With the above-mentioned questions, I looked up Sun JDK6 in the String class code, mainly yes yes split method implementation:
As can be seen, Stirng.split method called Pattern.split method. Read Pattern.split method code:
Attention to look at the first nine lines: Stirng match = input.subSequence (intdex, m.start ()). ToString ();
The match was split out of here, the String of small objects, it is actually String objects subSequence great results. Read String.subSequence code:
String.subSequence have called String.subString, continue to see:
11,12 look at the first line, we finally see the prospect of a solution, if the content is complete subString the original string, then return to the original String object; Otherwise, we will create a new String object, but this looks like using the original String object String object char . Through String constructor to confirm this point:
In order to avoid the memory copy speed, Sun JDK directly reuse the original String objects char , offset and length to identify the contents of the different strings. In other words, subString out to String of small objects will still be pointing to the original String Large Objects char , split is the same situation. This explains why the HashMap of String objects char  are so great.
Reasons to explain
In fact, out of the previous section has analyzed the cause, and then tidy up this section:
- Program from each request to get a String large object, the object of internal char  the length of the hundreds of K.
- Program String large objects do split, the String will be split into smaller objects HashMap that is used for the cache.
- Sun JDK6 right String.split method is optimized, split out Stirng object directly using the original String object char 
- HashMap Each String object actually points to a huge char 
- HashMap is capped at 10000, so the cached objects Sting total size = 10000 * 100 K = G-class.
- G-level cache memory is occupied, and a lot of memory is wasted, resulting in signs of memory leaks.
Find the reasons for the solution, and will have. split is to use, but we should not split up into the HashMap of String objects directly, but instead call about String copy constructor String (String original), this constructor is safe, concrete can see the code:
Only, new String (string) the code is very strange, 囧 . Perhaps, subString and the split should provide an option to let the programmer control over whether or reuse String objects char .

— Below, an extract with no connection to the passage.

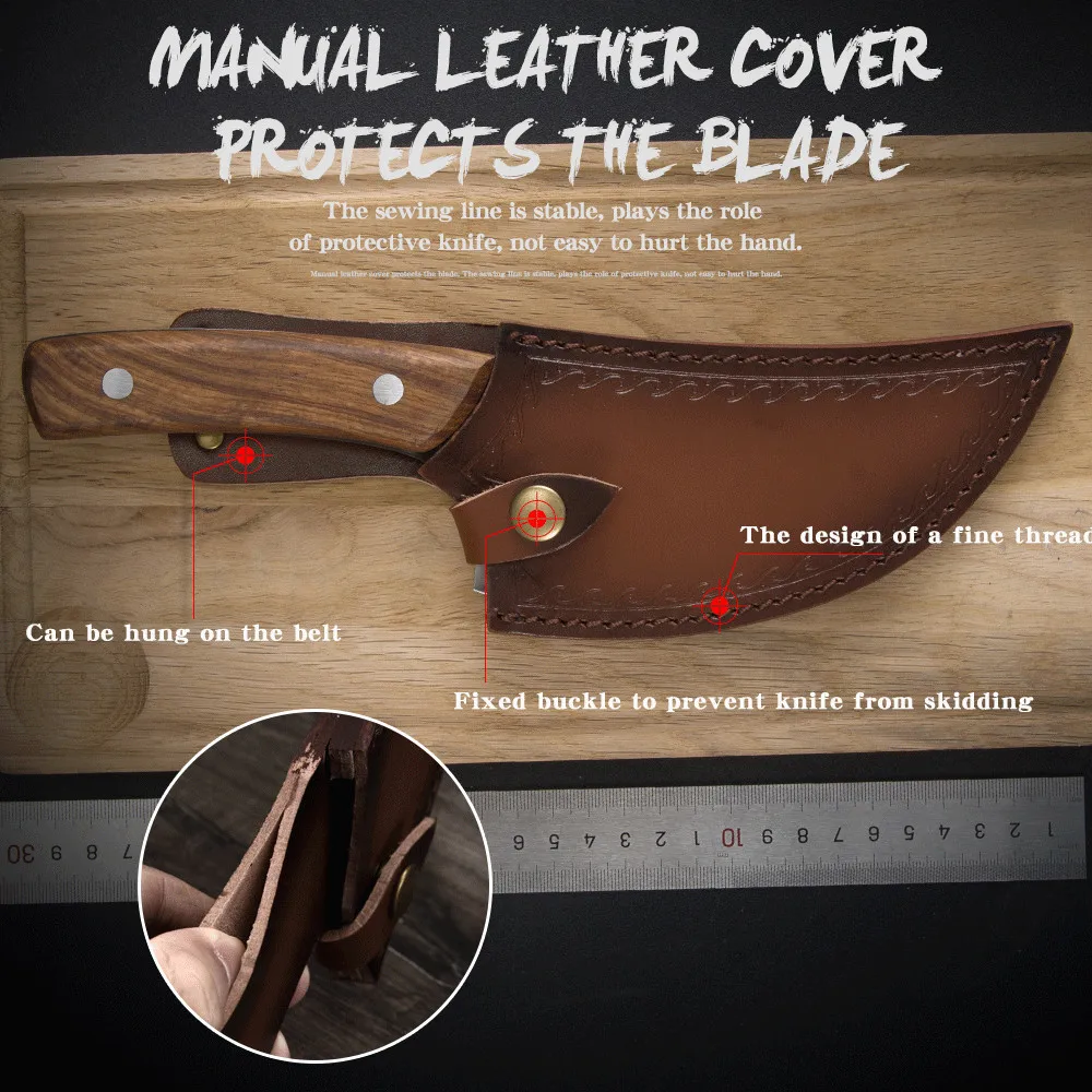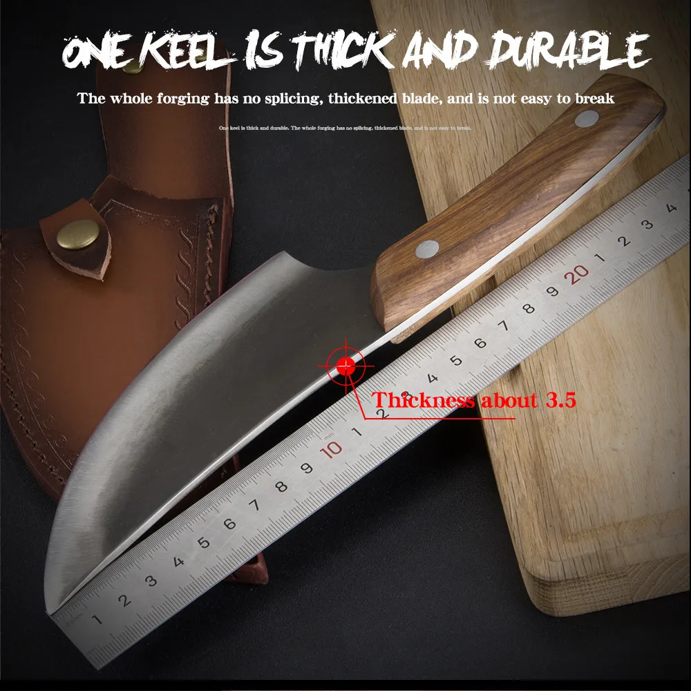 1. Ручная ковка: старинная ковка, Придерживайтесь гениальности, Ручная ковка кованым мастером, из тонкой стали и хорошей пластичности. 2. Материал из углеродистой стали: выбранная Высококачественная Высокоуглеродистая сталь, многократная ковка, высокое качество, высокая твердость и острое лезвие. 3. Деревянная ручка: ручка из твердой древесины, армирование заклепок, не легко деформируются, удобно держать в руке. 4. Использование и обслуживание: высушите воду после использования, поместите ее в вентилируемое и сухое место, Нанесите слой растительного масла на лезвие, если долго не используется d, не ставьте столовые приборы рядом с открытым пламенем, Или погружать в воду или коррозионную жидкость в течение длительного времени.

Although, subString and the split caused by the realization of the problem now, but this bug can count String class do? Personally feel that hard to say. Because such optimization is more reasonable, subString and spit the result is certainly a continuous sub-sequence of the original string. Can only say, String is not just a core class, which for the JVM is just as important as the type of the original type.
JDK implementation of the String to do all possible optimization is understandable. However, optimization has brought hardship, we have enough understanding of their programmers in order to make good use of them.